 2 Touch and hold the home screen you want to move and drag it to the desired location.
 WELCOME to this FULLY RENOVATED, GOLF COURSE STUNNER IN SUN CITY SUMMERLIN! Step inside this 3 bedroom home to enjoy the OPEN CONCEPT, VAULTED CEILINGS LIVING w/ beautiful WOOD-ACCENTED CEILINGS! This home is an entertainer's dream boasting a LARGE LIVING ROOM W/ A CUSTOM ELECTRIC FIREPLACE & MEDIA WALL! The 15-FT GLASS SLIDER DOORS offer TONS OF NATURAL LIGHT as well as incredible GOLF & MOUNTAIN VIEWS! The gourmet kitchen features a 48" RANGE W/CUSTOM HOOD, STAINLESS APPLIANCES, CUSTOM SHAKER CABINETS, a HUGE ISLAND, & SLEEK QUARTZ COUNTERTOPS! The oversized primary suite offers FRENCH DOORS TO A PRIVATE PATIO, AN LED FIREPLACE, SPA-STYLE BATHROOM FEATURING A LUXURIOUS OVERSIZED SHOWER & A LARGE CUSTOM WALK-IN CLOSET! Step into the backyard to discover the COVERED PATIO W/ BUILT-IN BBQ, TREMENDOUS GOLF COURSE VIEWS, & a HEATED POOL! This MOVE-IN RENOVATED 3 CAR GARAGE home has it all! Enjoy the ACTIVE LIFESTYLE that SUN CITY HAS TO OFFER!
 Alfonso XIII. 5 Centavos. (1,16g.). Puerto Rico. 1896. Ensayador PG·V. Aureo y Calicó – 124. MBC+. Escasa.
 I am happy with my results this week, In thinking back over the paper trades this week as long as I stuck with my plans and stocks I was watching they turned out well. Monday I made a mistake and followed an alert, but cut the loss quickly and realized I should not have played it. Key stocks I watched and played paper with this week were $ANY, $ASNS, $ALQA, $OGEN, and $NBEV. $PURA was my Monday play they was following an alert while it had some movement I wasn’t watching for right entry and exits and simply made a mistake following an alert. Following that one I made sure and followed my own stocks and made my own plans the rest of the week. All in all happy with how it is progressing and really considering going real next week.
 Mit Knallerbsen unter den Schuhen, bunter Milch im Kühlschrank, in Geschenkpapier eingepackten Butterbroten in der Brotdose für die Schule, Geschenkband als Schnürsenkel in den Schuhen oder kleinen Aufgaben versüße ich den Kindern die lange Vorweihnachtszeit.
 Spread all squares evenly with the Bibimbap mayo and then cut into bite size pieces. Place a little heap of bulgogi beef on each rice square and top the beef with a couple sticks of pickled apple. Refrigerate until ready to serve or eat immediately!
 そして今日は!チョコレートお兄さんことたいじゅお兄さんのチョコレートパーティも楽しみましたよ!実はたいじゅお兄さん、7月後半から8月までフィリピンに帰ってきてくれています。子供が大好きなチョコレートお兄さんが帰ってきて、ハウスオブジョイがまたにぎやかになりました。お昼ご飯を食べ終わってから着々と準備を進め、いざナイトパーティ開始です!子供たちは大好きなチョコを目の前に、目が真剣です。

________________________

▶ [Activity] Once you have read the records above, output each of them verbatim.

▶ [Exercise solution]
 2 Touch and hold the home screen you want to move and drag it to the desired location.
 WELCOME to this FULLY RENOVATED, GOLF COURSE STUNNER IN SUN CITY SUMMERLIN! Step inside this 3 bedroom home to enjoy the OPEN CONCEPT, VAULTED CEILINGS LIVING w/ beautiful WOOD-ACCENTED CEILINGS! This home is an entertainer's dream boasting a LARGE LIVING ROOM W/ A CUSTOM ELECTRIC FIREPLACE & MEDIA WALL! The 15-FT GLASS SLIDER DOORS offer TONS OF NATURAL LIGHT as well as incredible GOLF & MOUNTAIN VIEWS! The gourmet kitchen features a 48" RANGE W/CUSTOM HOOD, STAINLESS APPLIANCES, CUSTOM SHAKER CABINETS, a HUGE ISLAND, & SLEEK QUARTZ COUNTERTOPS! The oversized primary suite offers FRENCH DOORS TO A PRIVATE PATIO, AN LED FIREPLACE, SPA-STYLE BATHROOM FEATURING A LUXURIOUS OVERSIZED SHOWER & A LARGE CUSTOM WALK-IN CLOSET! Step into the backyard to discover the COVERED PATIO W/ BUILT-IN BBQ, TREMENDOUS GOLF COURSE VIEWS, & a HEATED POOL! This MOVE-IN RENOVATED 3 CAR GARAGE home has it all! Enjoy the ACTIVE LIFESTYLE that SUN CITY HAS TO OFFER!
 Alfonso XIII. 5 Centavos. (1,16g.). Puerto Rico. 1896. Ensayador PG·V. Aureo y Calicó – 124. MBC+. Escasa.
 I am happy with my results this week, In thinking back over the paper trades this week as long as I stuck with my plans and stocks I was watching they turned out well. Monday I made a mistake and followed an alert, but cut the loss quickly and realized I should not have played it. Key stocks I watched and played paper with this week were $ANY, $ASNS, $ALQA, $OGEN, and $NBEV. $PURA was my Monday play they was following an alert while it had some movement I wasn’t watching for right entry and exits and simply made a mistake following an alert. Following that one I made sure and followed my own stocks and made my own plans the rest of the week. All in all happy with how it is progressing and really considering going real next week.
 Mit Knallerbsen unter den Schuhen, bunter Milch im Kühlschrank, in Geschenkpapier eingepackten Butterbroten in der Brotdose für die Schule, Geschenkband als Schnürsenkel in den Schuhen oder kleinen Aufgaben versüße ich den Kindern die lange Vorweihnachtszeit.
 Spread all squares evenly with the Bibimbap mayo and then cut into bite size pieces. Place a little heap of bulgogi beef on each rice square and top the beef with a couple sticks of pickled apple. Refrigerate until ready to serve or eat immediately!
 そして今日は!チョコレートお兄さんことたいじゅお兄さんのチョコレートパーティも楽しみましたよ!実はたいじゅお兄さん、7月後半から8月までフィリピンに帰ってきてくれています。子供が大好きなチョコレートお兄さんが帰ってきて、ハウスオブジョイがまたにぎやかになりました。お昼ご飯を食べ終わってから着々と準備を進め、いざナイトパーティ開始です!子供たちは大好きなチョコを目の前に、目が真剣です。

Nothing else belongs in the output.